The idea of epistemological obstacles inspires some authors in trying new approaches to the concepts. In (Camarda and Spagnolo, 1989) the idea of a geometrical problem for iperreal numbers is considered. The historical path going from Euclid to the modern non-standard analysis is outlined and the authors express the feeling that some ideas in this history may have didactic applications. A complete survey of the subject is in (Valenti, 1994). The non-standard analysis is used also in another paper (Venè et alii, 1994) with the aim of favouring the understanding of traditionally difficult concepts such as limit.
The importance ascribed to history of mathematics both as a source of problems and as a field were epistemological obstacles may be studied is evidenced by specific courses for teachers, such as the one reported in (Curcio and Medolla, 1993).
3.3. Different ways of presenting concepts
In spite of the stagnation in the curricula of the topic of calculus the educators perceive the necessity of discussing the style of teaching. In this discussion Giovanni Prodi, the author of the project mentioned above brought significant contributions; see, for example, (Prodi, 1993). Other works (Bagni, 1993; Bagni, 1994; Plazzi and Bagni, 1995) carefully analyse important aspects. The first considers aspects of continuity, the second the pitfalls of intuitive ideas used when presenting continuity through graphs. The third gives interesting results on topics linking analysis and number theory. These papers are mostly aimed at a reflection on theoretical issues of analysis.
The majority of the studies discussing different ways of presenting the subjects, see (Arnaldi Suria, 1994; Pacini et alii, 1994; Scarafiotti, 1994; Testa, 1989), is of the action-research type. The papers report experiences in class, proposing different techniques and approaches and contain analysis of student response. The main resources called upon to improve school practice are those considered above (historical approach, use of computer, graphic examples, ...). The researchers have mainly focussed on the didactic and motivational efficacy of the technique used, according to the manner of the French ingénierie didactique.
The paper (Furinghetti and Paola, 1991) describes the main features of a didactic itinerary which combines the compulsoriness as for the content and the freedom as for the methodology. Calculus is introduced starting from the `pre-knowledge' of students and proposing problems set inside mathematics and outside mathematics (physics, philosophy). In this way students are provided with motivations and stimuli for constructing concepts. Afterwards the traditional program is carried out through the textbook mediated by work-sheets prepared by the teacher. In these work-sheets there are problems and exercises: problems are aimed at constructing concepts, exercises are aimed to fix concepts. The final step of the work consists in giving the students examples of applications. The complete scheme of the work is: Construction -> formalization -> applications.
In (Arnaldi Suria, 1994) the concept of limit is presented by starting from classical problems of Euclidean geometry and considering the historical development of the concept; at the end the most important issues are singled out and the computer is used for generalizing the basic ideas. In (Testa, 1989) the concept of derivative is introduced by successive steps: firstly the tangent to a plane curve is considered in the elementary cases of circumference and conics, afterwards polynomials function are considered and finally the concept is introduced in its generalization. In (Bagni, to appear; Galizia and Marconi, 1990) trigonometrical functions are considered.

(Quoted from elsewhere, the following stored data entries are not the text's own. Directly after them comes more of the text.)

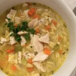 Take the chicken out of the pot and cut it up, then add it back in. Add the lemon juice, parsley, and season the soup with salt & pepper as needed. Serve immediately.
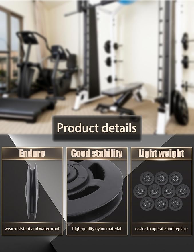 - High Quality Nilon And Iron Core Material: The gym pulley are made of high quality nylon and iron core, which has strong wear resistance and is an ideal replacement part for fitness equipment, so you can continue to use your fitness equipment with confidence and prolong the life of your fitness equipment.
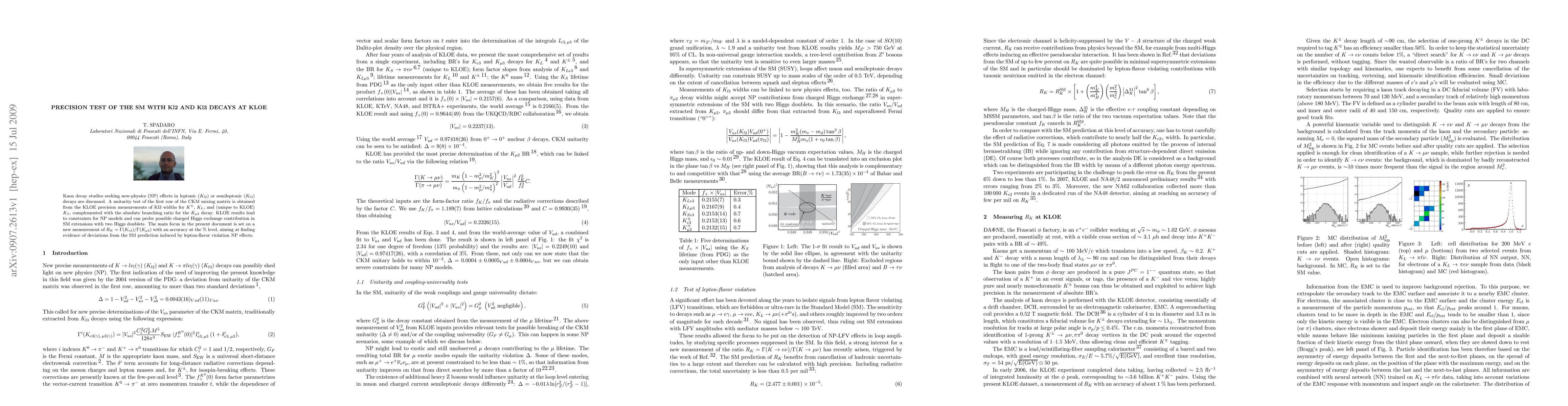 Kaon decay studies seeking new-physics (NP) effects in leptonic (K_l2) or semileptonic (K_l3) decays are discussed. A unitarity test of the first row of the CKM mixing matrix is obtained from the KLOE precision measurements of Kl3 widths for K^+-, K_L, and (unique to KLOE) K_S, complemented with the absolute branching ratio for the K_mu2 decay. KLOE results lead to constraints for NP models and can probe possible charged Higgs exchange contribution in SM extensions with two Higgs doublets. The main focus in the present document is set on a new measurement of R_K=Gamma(K_e2)/Gamma(K_mu2) with an accuracy at the % level, aiming at finding evidence of deviations from the SM prediction induced by lepton-flavor violation NP effects.

As a general trend we observe that the different ways of presenting a concept are carefully dealt with by starting from limited and well defined topics; only one paper considers a complete itinerary. In this stream of research, as in the one concerning computers, we found papers concerning university teaching.
3.4. Use of the computer in the teaching of calculus
In the discussion of the ways of presenting the main concepts, the computer generally has an important place. In fact it is attributed the role of the Trojan horse in the discussion of didactic approach: faced with the facilities offered by the new means teachers have to rethink their way of teaching.
Most of the studies carried out consider the possibility and opportunity of tackling difficulties in the study of calculus by exploiting the graphic and processing potential of the computer; other articles in this line of research regard university teaching (Cacciabue et alii, 1995; Galizia and Marconi, 1994; Mascarello et alii, 1994). Some papers, (Mascarello and Scarafiotti, 1988; Mascarello and Winkelmann, 1992), examine the problems of numerical calculation generated by solving calculus exercises by means of the computer.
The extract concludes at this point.